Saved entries
++++++++

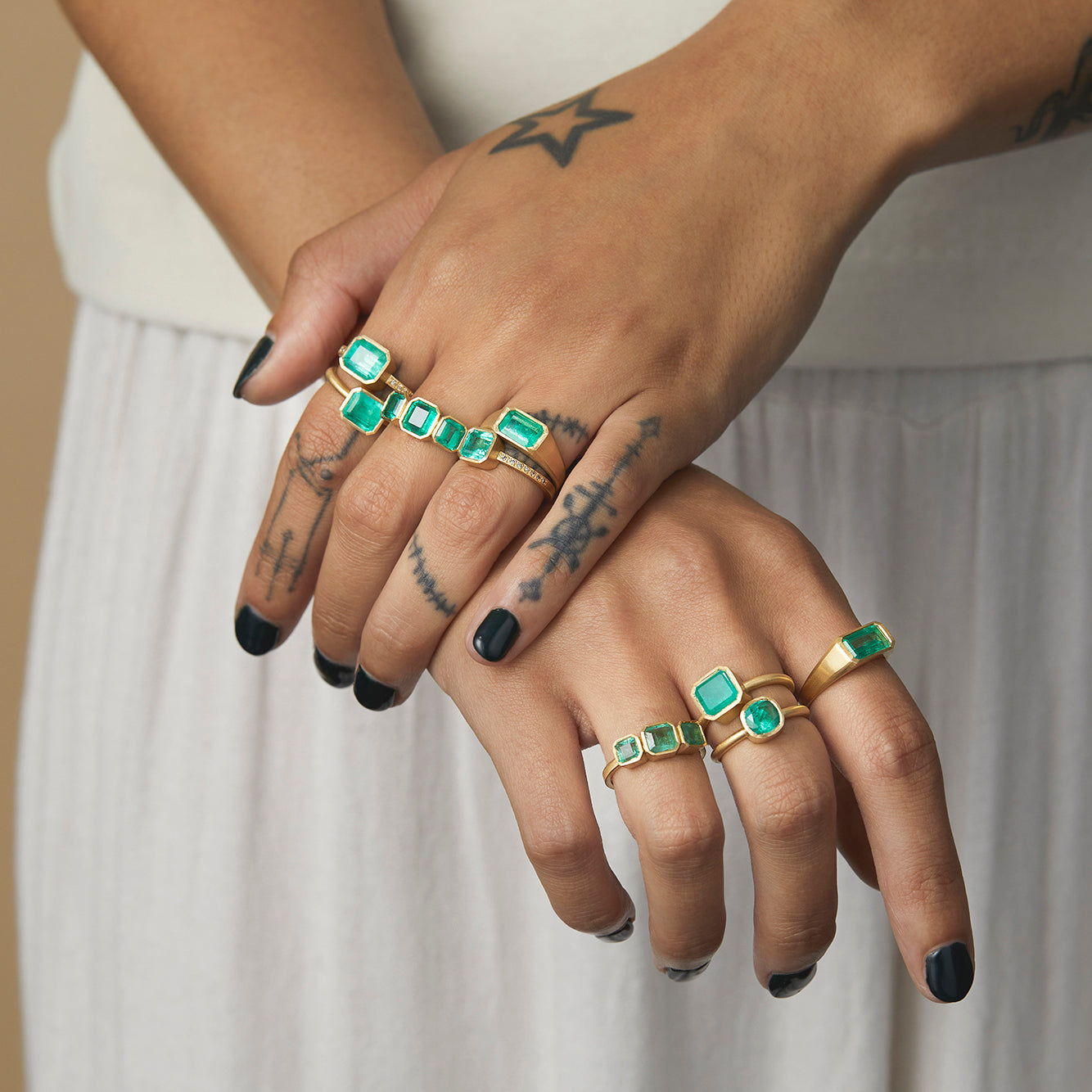 ["$2000 - $5000","1.0ct \u0026 Above","18K Yellow Gold","2 - 2.9mm","Emerald","engraving","Fashion bands with stones","Green","hide","Matte","May","One-of-a-Kind","Pastel Emerald Ring Collection","retail-only","Ring","shopify-pay-notice-exclude","Size 7 and above","upgraded-box"]
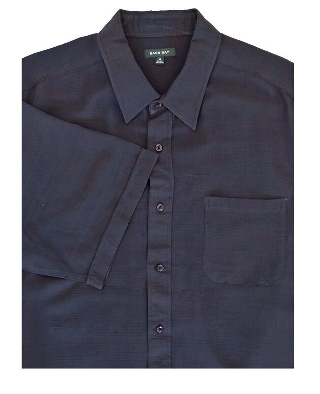 Backbay plain slub short sleeve shirt with single chest pocket. Made of Rayon/ Polyester.
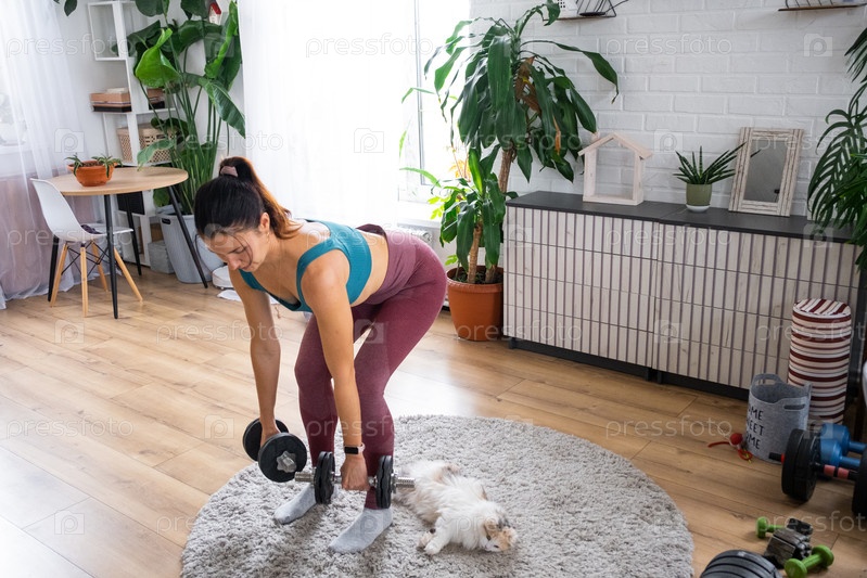 Женщина в спортивной форме занимается фитнесом и силовыми тренировками со штангой и гантелями дома в интерьере и с кошкой
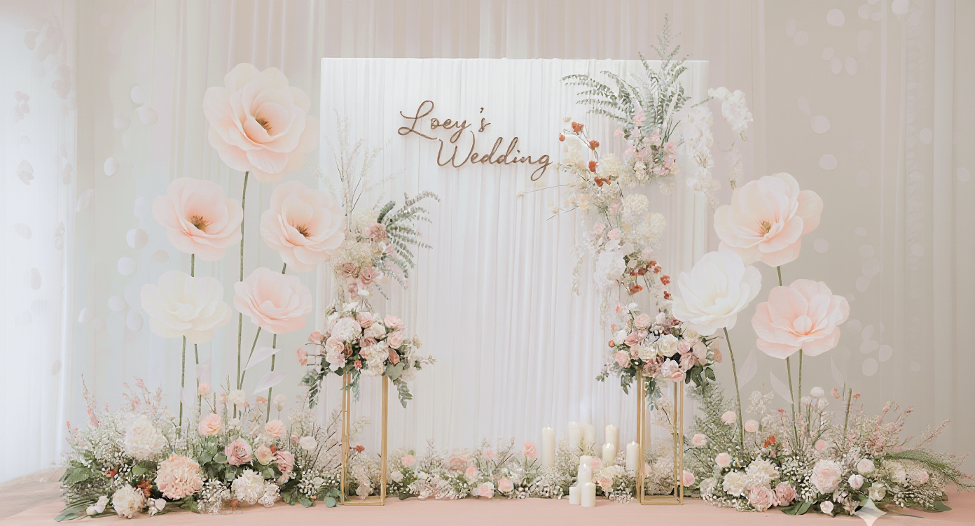 巨型花的角色不是為了搶鏡頭,而是透過精準的比例與留白,幫新人搭好舞台。它不會蓋過主角,卻能讓空間更有記憶點,讓婚禮留下美好的回憶。
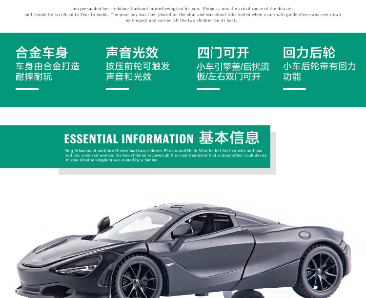 Weili aleación coche modelo 1:32 McLaren 720s coche deportivo sonido pull back luz juguete coche música modelo adornos
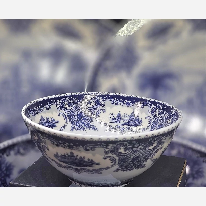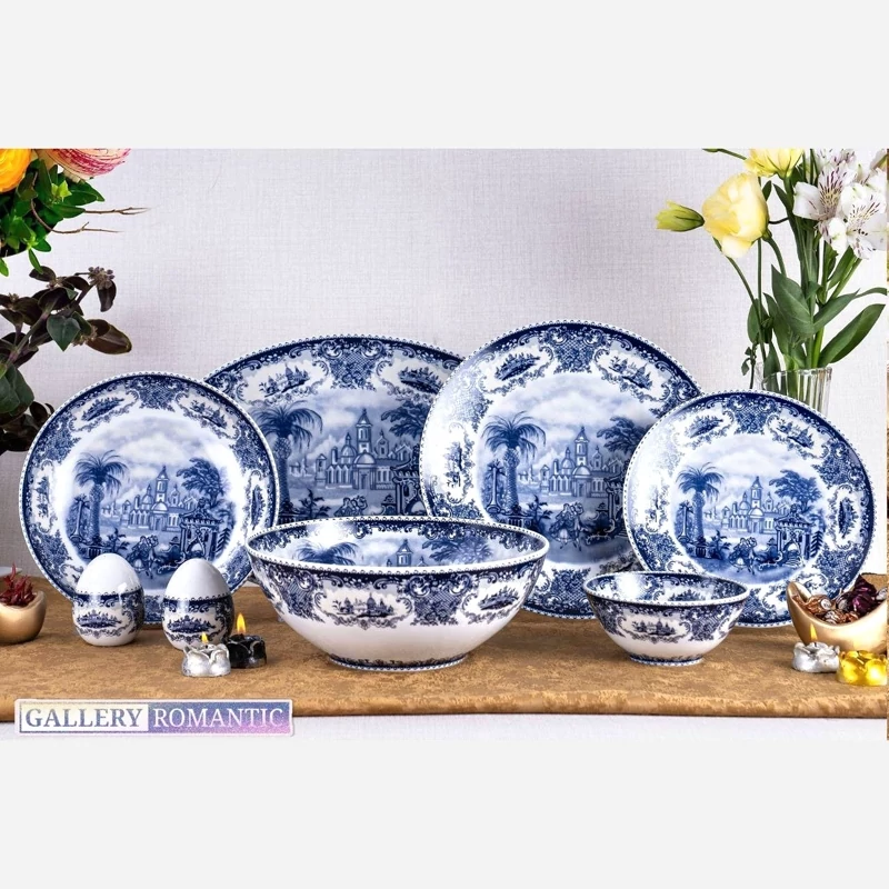 سرویس غذاخوری چینی باواریا طرح آکسفورد آبی 6 نفره-28 پارچه(پس کرایه)

++++++++

▶ [Exercise directions] Repeat the data exactly, without the pictures.

▶ [Output of the task]
 ["$2000 - $5000","1.0ct \u0026 Above","18K Yellow Gold","2 - 2.9mm","Emerald","engraving","Fashion bands with stones","Green","hide","Matte","May","One-of-a-Kind","Pastel Emerald Ring Collection","retail-only","Ring","shopify-pay-notice-exclude","Size 7 and above","upgraded-box"]
 Backbay plain slub short sleeve shirt with single chest pocket. Made of Rayon/ Polyester.
 Женщина в спортивной форме занимается фитнесом и силовыми тренировками со штангой и гантелями дома в интерьере и с кошкой
 巨型花的角色不是為了搶鏡頭,而是透過精準的比例與留白,幫新人搭好舞台。它不會蓋過主角,卻能讓空間更有記憶點,讓婚禮留下美好的回憶。
 Weili aleación coche modelo 1:32 McLaren 720s coche deportivo sonido pull back luz juguete coche música modelo adornos
 سرویس غذاخوری چینی باواریا طرح آکسفورد آبی 6 نفره-28 پارچه(پس کرایه)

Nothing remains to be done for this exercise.